Викентий Павлович до сих пор не встречал недавно назначенного нового начальника губернского военного гарнизона. Для своей высокой должности он был молод, но взгляд его был спокойно-уверенным, твёрдым, мундир на крепкой, высокой фигуре сидел, как влитой. Нельзя было не заметить, что он очень похож на своего отца — военного министра, цинкографические и фототипные изображения которого были хорошо известны. О генерал-адъютанте Суходолине мнение у людей складывалось не однозначное. После Японской войны в армии царил упадок духа, анархия. Став во главе Военного ведомства, Суходолин решительно провёл ряд важных реформ, превративших армию из «вооружённого бессилия» в «вооружённую силу». Но, в то же время, у него была репутация человека легкомысленного, даже ветреного… Кто знает, не унаследовал ли сын черты характера отца — и те, и другие? Петрусенко слышал и о том, что полковник отличный стратег и организатор, и о том, что гуляка он тоже знатный…
— Да, господин полковник, вы правы, меня интересует Александр Игнатьевич Коринцев. Позавчера он смело задержал преступника, спас девушку. А вчера я узнал, что и сам был осуждён за убийство. И вскоре помилован подчистую. Согласитесь, не часто так бывает.
Полковник улыбнулся:
— Вы, небось, его спрашивали? А он отказался рассказать?

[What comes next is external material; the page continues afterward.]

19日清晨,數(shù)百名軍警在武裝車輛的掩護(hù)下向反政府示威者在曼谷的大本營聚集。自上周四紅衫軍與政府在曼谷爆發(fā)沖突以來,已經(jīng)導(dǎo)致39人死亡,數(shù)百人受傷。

— Верно, — подтвердил Петрусенко. — А поскольку эту таинственную историю связывают с вами…
— Я всё вам расскажу, — кивнул Суходолин. — Александр человек сдержанный, слова лишнего в свою похвалу не скажет. Для меня же — это долг… Давайте, Викентий Павлович, присядем рядом, сюда, — он указал на кожаный диванчик у стены, достал массивный серебряный портсигар. — Курить позволите?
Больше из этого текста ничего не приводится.